# So my wife says...



## cooker613 (Nov 15, 2018)

why not smoke some cheese? After all you’ve smoked almost everything else. And when she’s right, she’s right. 
So...
Can use some general advice and guidance. Will be using an amazen pellet smoker in my weber. I have some sharp and mild cheddar, some feta, some goat cheese, some manchego (both Spanish and Mexican), and some Gouda with carroway seeds. Will any of these be a problem?  Also general guidence on times, temps, and techniques will be appreciated.
Thanks in advance.


----------



## Steve H (Nov 15, 2018)

I agree. Not sure about the Feta. Apple wood is good. But, I just did a batch with the A-MAZ-EN comp blend pellets. And the taste is very good.
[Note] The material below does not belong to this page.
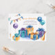 Une belle invitation à l'anniversaire dans le violet, le bleu et l'or avec de nombreux cadeaux de fantaisie, des ballons et un casquette de fête. Convient à tous les âges et à tous les sexes. <a href="https://www.freepik.com/free-photos-vectors/background">vecteur Arrière - plan créé par freepik - www.freepik.com</a>). <br/>() La carte est facile à customiser avec votre libellé, police, couleur de police, options de forme de papier et choix de six types de papier.<br/>() Pas exactement ce que vous cherchez? Tous nos produits peuvent être conçus sur mesure pour répondre à vos besoins sans frais supplémentaires.<br/>() Il vous suffit de nous contacter à heartfelthelper@gmail.com. b) a) Coordonner les produits disponibles : Demande-nous !

The advice from Holly2015 is spot on.


----------



## zwiller (Nov 15, 2018)

Everyone will have their own preference but after running pellets in the past, tried dust this first batch for the year and much happier.  Personally, I think the "cheaper" cheeses take on smoke better and would never smoke manchego or feta but that's me.  My favorite is jack and am with Holly that apple is my go to but plan to try pecan and oak for giggles.


----------



## tallbm (Nov 15, 2018)

I've never smoked cheese but I have cold smoked in my MES with an AMNPS.
Word of advice, stale smoke will impart a strong not so great taste to the cheese.

Stale smoke was something I encountered when cold smoking Salmon Lox.  My salmon turned out fine but had to "mellow" a day or 2 in the fridge to shake off some of the stale smoke flavor.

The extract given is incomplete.